К мотивам и образам мусора и грязи в ХIХ веке обратились многие участники этого тома, и материалом здесь послужили, в основном, Достоевский, Толстой, Некрасов и Чернышевский — набор достаточно традиционный. Несколько особняком стоит тезисная статья (С.А. Гончарова) о литературном типе петербургского дворника, появившегося в литературе с 40-х гг. (в одноименной повести В. Даля) и обитающего в ней и по сей день. Несмотря на сильно изменившуюся от ХIХ к ХХ веку парадигму дворника, за ним сохраняется константа маргинальности: от изначальной карнавальности низового персонажа до нынешнего опального поэта и аутсайдера. Всякий раз он выступает в мифологической функции медиатора миров официального и неофициального, чистого и грязного и т. д. Здесь может быть стоит задуматься, а кто не медиатор с точки зрения мифопоэтики профессий и социальных функций. Интересно было бы, конечно, воспользоваться здесь научным минус-приемом, но кажется это еще дело будущего в нашей науке.

Наибольшее количество мусора, множество его тематизаций, зачастую лежащих на поверхности, естественно, было обнаружено в последнем столетии.
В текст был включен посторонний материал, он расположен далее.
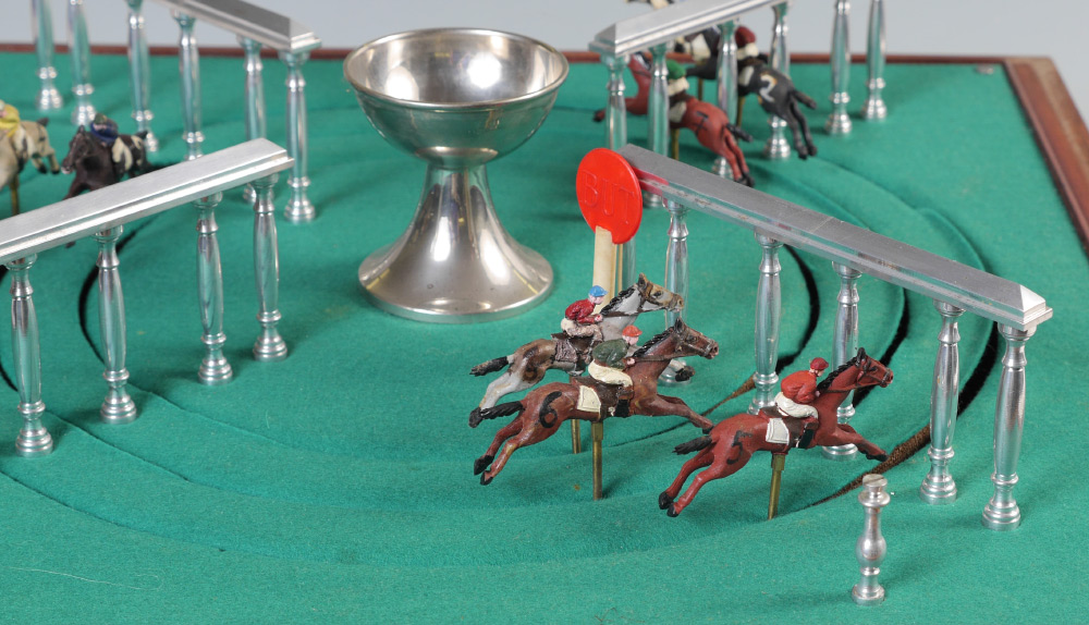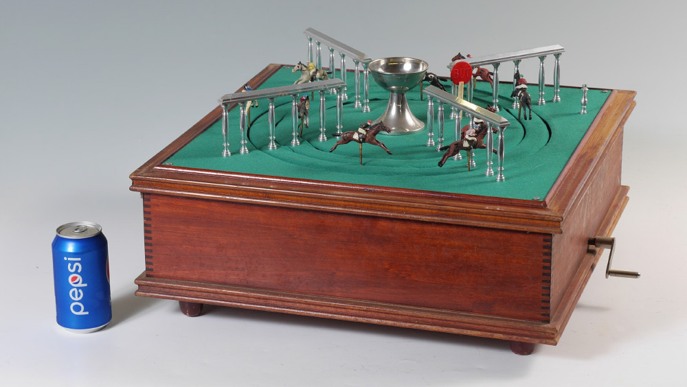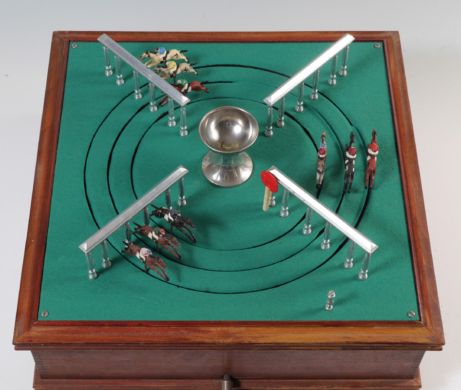 FRENCH MECHANICAL HORSE RACE GAME: Crank wind spins horses around felt top track, 9 composite horses on 3 tracks. In wood travel box, measures 11'' h. x 20'' x 20''.

Клюев, Платонов, Бабель, Бродский, Шемякин, Кабаков — ожидаемые имена пургаментарного дискурса. Интересно и плодотворно анализируются мифологическая семантика, риторика, интермедиальность, мотивика и пр. (J.-Ph. Jaccard, Н.В. Злыднева, B. Kosanović, A. Majmeskulow, С.А. Мансков, Л. Звонарева, G. Bobilewicz, T. Kraft и др.). В статье «Московские запахи и мусор 1925 года» о книге хорватского писателя М. Крлежи «Экскурсия в Россию» (A. Flaker) оппозиция чистоты/грязи рассматривается в парфюмном аспекте как антитеза запаха/вони (Москвы и ее мусора — ее быта и политики в конечном счете) и отсутствия запаха, стерильности (Химинститут), ужас которого обнаруживается в том, что мусором оказываются (окажутся, — боится Крлежи, — в утопическом «химинституте мира») сами люди. Этот малоизвестный или вовсе неизвестный у нас текст явственно встает в ряд утопических книг-предостережений ХХ века.
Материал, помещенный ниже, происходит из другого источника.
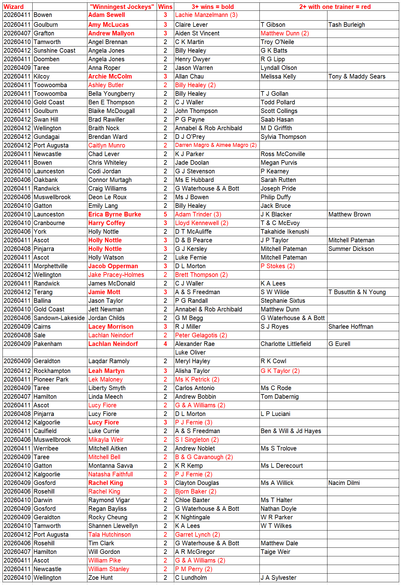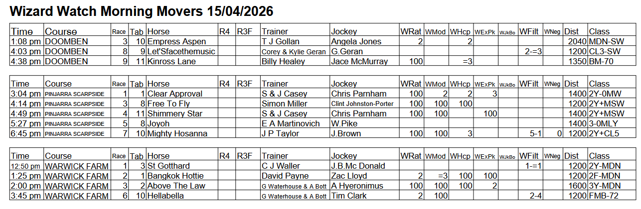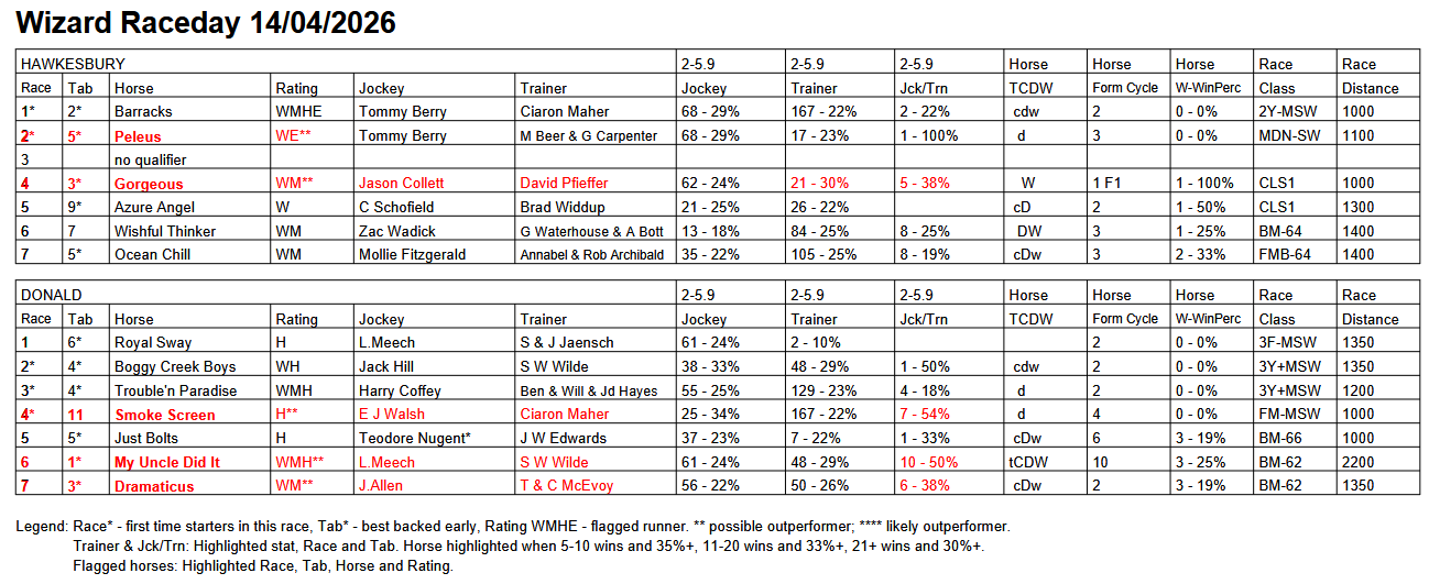 Wizard Ratings, Raceday, Matrix, and Selectives results

Очень радует появление статей, посвященных современным авторам, героям нынешнего литературного процесса — А. Битову, О. Павлову, В. Нарбиковой. Нечастый гость литературоведческих изданий, режиссер Анатолий Васильев оказывается героем одной из завершающих сборник статей (К. Osinska), вновь возвращающей нас к категории чистоты: ритмичность, геометрия, аскетизм пространства его театра, интермедиально отсылающие к живописи Кирико и Магритта, эксплицируют скрытые сущности драматического дискурса. Автор вводит даже категорию «прозрачности», как бы сверхчистоты, в котором живет главный герой театра А. Васильева — слово как носитель духовности. Идеальный актер в его театре — прозрачный актер, подобно прозрачному свидетелю Флоренского. Все остальное — мусор.

Очень многое вокруг нас и внутри нас оказывается мусором, думается мне, когда я закрываю это умное и ценное издание, мусором, получающем онтологический статус, от человека до мусора оказывается и дистанции-то никакой нет. Человек живет как сор и умрет как сор, как обычно провокативно, заметил когда-то В.В. Розанов, эта цитата приводится в одной из статей тома. Я думаю о том что урна по-французски — la poubelle — по имени ее изобретателя Пубеля (Poubelle), имя человека и имя урны, так сказать, взаимноконвертируемы в нашем культурном пространстве. Любопытно, что это слово в своем предметном значении обрело женский род — как не вспомнить миф о Галатее. Это могло бы послужить предметом интересных мифолого-культурологических размышлений: урна как «антиримская» империя, негатив, скрученная граница, заключившая в себе хтоническое, непереработанный хаос (в отличие от инсталляций Кабакова, подразумевающего их сакральную способность к «освобождению»). Как и человек, сам себе кажущийся урной? К римско-французским мусорным параллелям отсылает и одно из названий туалета les vespasiennes — деньги все-таки не пахнут и это факт. Интересно, например, и что гильотину, машину, превращающую людей в мусор (идеологический «мусор» в физиологический мусор) изобрел мастер музыкальных инструментов, — так что стоит попробовать поискать место гильотине в этой парадигме (вспомнив, конечно, о попытке Ф. Кафки решить эту загадку, только он музыканта сделал художником). Было бы наивно обсуждать, что не вошло в этот том, что непременно должно было быть рассмотренным — здесь минус-прием как раз и не работает. Здесь уже место благодарности.